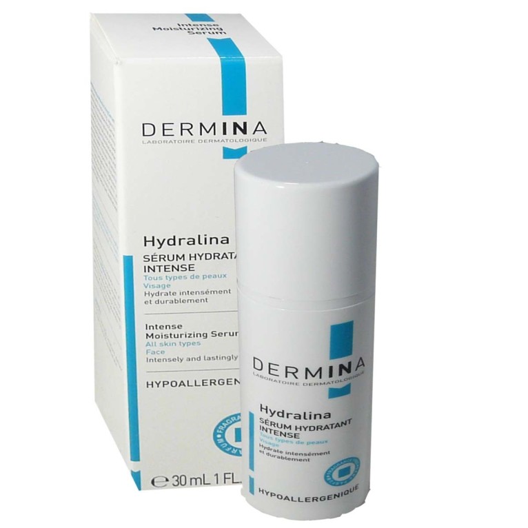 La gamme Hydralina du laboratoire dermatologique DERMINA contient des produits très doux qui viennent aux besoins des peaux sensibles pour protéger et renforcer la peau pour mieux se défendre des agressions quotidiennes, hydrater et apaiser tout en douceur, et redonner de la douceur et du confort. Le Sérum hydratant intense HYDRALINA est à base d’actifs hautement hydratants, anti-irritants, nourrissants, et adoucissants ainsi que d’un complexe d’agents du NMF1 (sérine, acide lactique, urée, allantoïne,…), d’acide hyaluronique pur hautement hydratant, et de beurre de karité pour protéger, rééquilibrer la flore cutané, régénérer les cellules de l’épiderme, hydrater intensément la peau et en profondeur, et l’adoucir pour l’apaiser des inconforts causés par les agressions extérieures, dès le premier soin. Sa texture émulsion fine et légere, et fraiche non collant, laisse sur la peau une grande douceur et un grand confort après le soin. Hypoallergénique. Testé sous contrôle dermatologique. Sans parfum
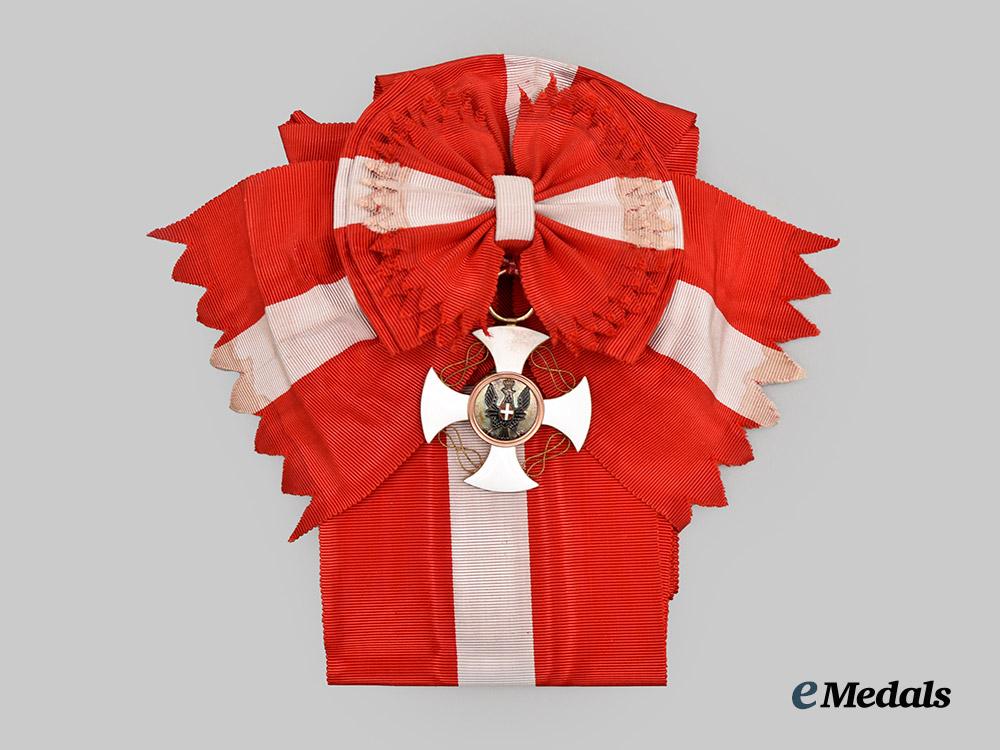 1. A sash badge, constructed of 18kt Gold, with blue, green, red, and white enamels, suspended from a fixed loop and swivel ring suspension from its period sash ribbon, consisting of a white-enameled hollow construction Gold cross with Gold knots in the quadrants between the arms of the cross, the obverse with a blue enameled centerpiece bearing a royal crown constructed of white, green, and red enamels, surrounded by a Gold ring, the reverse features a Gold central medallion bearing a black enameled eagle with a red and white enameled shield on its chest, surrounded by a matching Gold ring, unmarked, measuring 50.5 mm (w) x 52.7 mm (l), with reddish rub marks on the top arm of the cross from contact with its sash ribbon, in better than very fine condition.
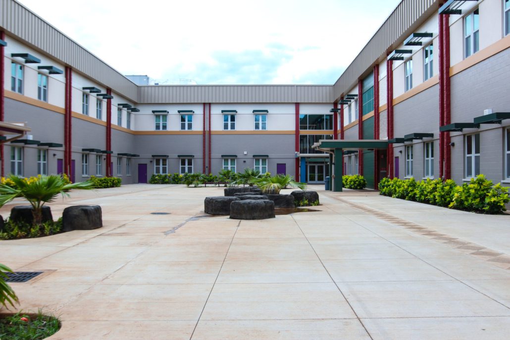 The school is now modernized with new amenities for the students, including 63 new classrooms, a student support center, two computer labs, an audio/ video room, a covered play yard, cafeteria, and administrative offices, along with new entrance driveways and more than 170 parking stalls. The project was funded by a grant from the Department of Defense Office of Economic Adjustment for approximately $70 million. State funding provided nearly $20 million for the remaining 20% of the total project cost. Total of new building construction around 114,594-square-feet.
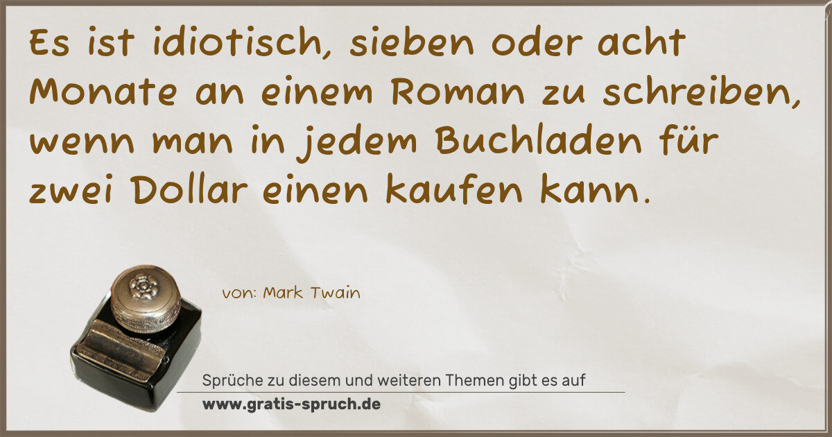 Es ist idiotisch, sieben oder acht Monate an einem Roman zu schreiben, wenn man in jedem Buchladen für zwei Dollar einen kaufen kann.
::::::::
# [EXERCISE PROMPT]
The lines from the one containing "1. A sash badge, constructed" through the end of the data above are to be copied exactly, both ends included, and pictures are to be omitted.

# [YOUR SOLUTION]
 1. A sash badge, constructed of 18kt Gold, with blue, green, red, and white enamels, suspended from a fixed loop and swivel ring suspension from its period sash ribbon, consisting of a white-enameled hollow construction Gold cross with Gold knots in the quadrants between the arms of the cross, the obverse with a blue enameled centerpiece bearing a royal crown constructed of white, green, and red enamels, surrounded by a Gold ring, the reverse features a Gold central medallion bearing a black enameled eagle with a red and white enameled shield on its chest, surrounded by a matching Gold ring, unmarked, measuring 50.5 mm (w) x 52.7 mm (l), with reddish rub marks on the top arm of the cross from contact with its sash ribbon, in better than very fine condition.
 The school is now modernized with new amenities for the students, including 63 new classrooms, a student support center, two computer labs, an audio/ video room, a covered play yard, cafeteria, and administrative offices, along with new entrance driveways and more than 170 parking stalls. The project was funded by a grant from the Department of Defense Office of Economic Adjustment for approximately $70 million. State funding provided nearly $20 million for the remaining 20% of the total project cost. Total of new building construction around 114,594-square-feet.
 Es ist idiotisch, sieben oder acht Monate an einem Roman zu schreiben, wenn man in jedem Buchladen für zwei Dollar einen kaufen kann.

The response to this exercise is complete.